風になりたい

自作の小説とエッセイをアップしています。テーマは「個人」としてどう生きるか。純文学風の作品が好みです。

『生煮えの鮒 』第四話 『覚悟』 (純文学小説)

2011年02月27日 11時00分15秒 | 純文学小説『生煮えの鮒』(全4話)
 
 心の臓がじんと痺れる。胸が痛かった。
 裟弥は額に皺を刻み、瞑目した。数珠を繰りながらなにをどう話すべきか考えているようだ。重く閉じた瞼に理性がゆらぐ。
 私の話を深刻に受け止めてくれたことは彼の表情からわかった。それだけが救いだった。ほんとうに、今まで誰にも話せないことだった。
 沈黙が流れた。
 遠くで梟が鳴く。
 やがて、裟弥はおもむろに口を開いた。
「私は生まれつき霊感の鈍い者ですからそのようなものを見たことがありませんが、世に中には非常に霊感の強い方がおられるのも事実だと思います。そのようなものが見えれば、さぞたまらないことでしょう。――ですが、大事なことはあなたが毛虫を見てどう思うのか、そして、どう行動するかなのではないでしょうか」
 裟弥は手元を見つめ、やはり静かに数珠を繰る。
「どう思うと言われても、私はただ恐ろしくてなりません。役所などというところは、もともと人間関係がぎすぎすしたところです。人を疑うところから始め、人の掘った落とし穴にはまらないようにすべてを疑いながら仕事を進め、陰険な足の引っ張り合いに巻きこまれたりしないように、あらぬ噂を立てられて陰口を言い触らされたりしないように気を配らなければいけません。特に親しくもない同僚から笑顔で話しかけられたりすれば、裏でなにを考えているのか、私をどう利用しようとしているのかと勘繰り、鳥肌が立ってしまいます。日々、心が傷みます。見えない天井に押しつぶされそうになっているところへ、他人の本性が毛虫になって見えてしまうのです。それも、唯一安らげる家族の者にまで。もうどうすればよいのか、わかりません。私は誰も信じることができないのです。自分すら信じられません」
 私はやるせなく首を振った。もっと言いたいことがあるような気がするのだが、やりきれない想いが心のなかで渦巻くだけで、言葉が見つからない。
「気持ちはお察しします。他人の本性が見えた時、どす黒い心に気がついた時、人は誰でも人間嫌いになってしまいます。私もかつてはそうでした。しかし、嘆いてばかりでも始まりますまい」
「私もこんな自分が嫌でなりません。今の自分から早く抜け出したいのです。とはいえ、いったいどうすればよいものやら――。私はただ平穏に暮らしたいだけです。人間らしい正直な暮らしを送りたいだけです。望みは、ただそれだけなのです」
「人間らしい暮らし、ですか」
 裟弥は、なにか言いたげに唇を動かして腕を組む。
「たいそれた望みだとは思いませんが」
 難しそうな顔をした裟弥を見て、ひょっとして自分はとんでもないことを口走ってしまったのだろうかと途惑った。自分でもいけないことだとは思うのだが、どうしても他人《ひと》の顔色をうかがってしまう。それほど、心が消耗していた。
「人間らしいことがいいことであるようにおっしゃっておられるように聞こえますが、その人間らしさこそが怪しいと、あなたは気付いておられるはずです」
 その言葉にはっとさせられた。裟弥の声はこんこんと湧く岩清水のようだ。ざっくりと割れた心の傷にしみる。

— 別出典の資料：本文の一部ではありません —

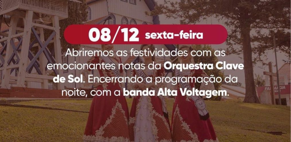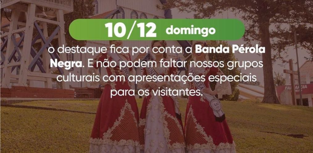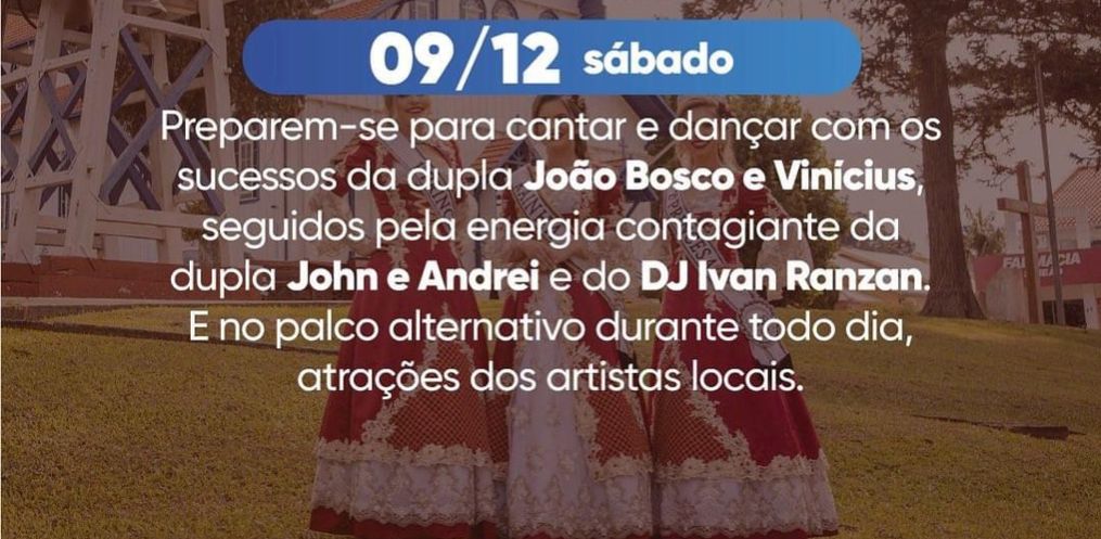 No sábado, dia 09, terá show nacional da dupla sertaneja João Bosco e Vinícius, seguido pela dupla John e Andrei e DJ Ivan Ranzan. No palco alternativo, durante todo o dia terá atrações dos artistas locais. No domingo, dia 10 de dezembro, terá a Banda Alvorecer, Grupo Arcanjo e Banda Pérola Negra.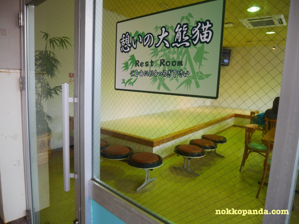 「憩いの大熊猫」と名付けられた休憩所の中には椅子の他に畳敷のスペースがありました。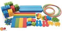 Balení obsahuje: 8x Cihla - Kostka, 12x Cihla poloviční, 4x Modrá lávka, 4x Obruč 35 cm, 4x Obruč 60 cm, 16x Tyčka 35 cm, 8x Tyčka 70 cm, 12x Spojka A, 12x Spojka B, 10x Házecí polštářek, 6 párů Značka noha - šlápota, 6 párů Značka ruka - dlaň

「そうですね。気づいてはいるのです。ただ、認めたくないだけで――」
「たとえ認めたくないことであっても、現実を直視しなければなりません。すべては、そこから始まるのですよ」
「あの毛虫は、人間の愚かさだと思います。どんな虫下しを飲んでも消せないものでしょう。人は愚かで醜いものです。私自身も妙な自尊心や欲がありますし、悪意を持った相手をはねのけて自分や家族を守らなくてはいけない時には、人の悪いことも敢えて行なわなくてはなりません。私の心にも悪を抱えています。私は愚かで弱い生き物なのです」
 私はあれを見るようになってから今まで考えてきたことを述べた。こんなことを人に言えば、不快な気持ちにさせるだけだから、友や妻にも言えなかった。裟弥は小さく頷く。

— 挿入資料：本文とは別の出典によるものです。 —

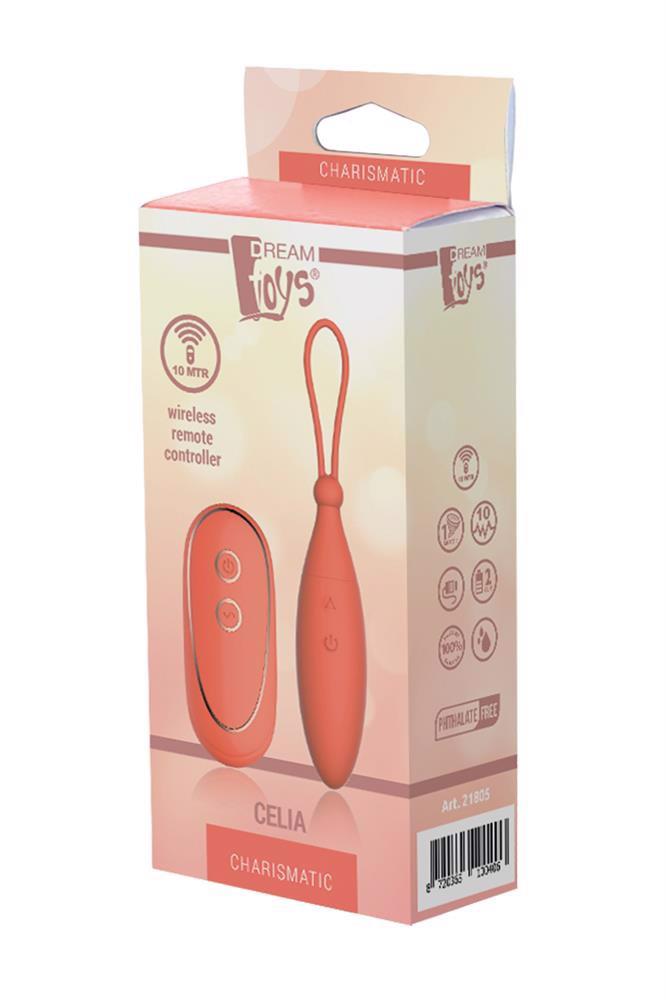 Ta zabawka jest wykonana z silikonu Ultra Premium i ma gładki owalny kształt. Celia ma stylowy i świeży wygląd oraz wyraźny koralowo-różowy kolor, który łączy się z akcentami w kolorze różowego złota na pilocie. Wibracje można łatwo regulować podczas użytkowania za pomocą bezprzewodowego pilota o zasięgu 10 metrów. Zarówno jajko, jak i pilot można ładować za pomocą dołączonego kabla USB. Dolną nasadkę jajka można zdjąć w celu naładowania.
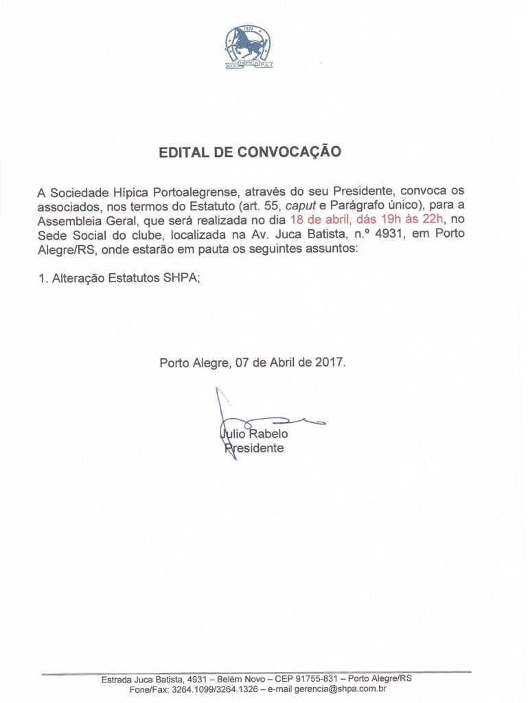 EDITAL DE CONVOCAÇÃO: Assembléia Geral dia 18 de Abril.

「世の大多数の人々は、自分の愚かさ、弱さ、醜さを人間の強さだと勘違いして生きています。その毛虫に乗っ取られて生きているのかもしれません。名利が人を動かします。自分が人生の主人公になったつもりでいて、実は名利に操られていることに気づいていません。名利に操られる自分が世界でいちばん偉いと思いこみたがるのが、人間の愚かさであり、人間の弱さ、醜さです。しかし、あなたは毛虫のおかげでそれに気づくことができました。これは意味のあることだとは思いませんか。ここはひとつ、毛虫が見えたことをいい方向に考えてみればどうでしょう。あの毛虫が見えるようになったのは、仏からの呼びかけのように思えます」
「どういうことでしょうか?」
 私は裟弥の言葉を理解しかね、首を傾げた。
「もしあなたがあの毛虫を見なければ、鬱陶しい思いをしながらも、人生はこんなものだろうと思ってなにも気づかずにただ漫然と生きていたことでしょう」
「それならそれでよかったのでしょうけど」
 私はうつむいた。
「それではいつまでたっても、鬱陶しさや窮屈さは解決しませんよ。たとえ、あの毛虫が見えなかったとしても、苦しみにきちんと向かい合わなければ、どこまでもついてまわるでしょう。逃げてはなりません。苦しみから逃げる時ほど、苦しみが恐ろしく感ぜられる時はありません。苦しみというものは、逃げれば逃げるほど物の怪のように追いかけてくるものなのですから。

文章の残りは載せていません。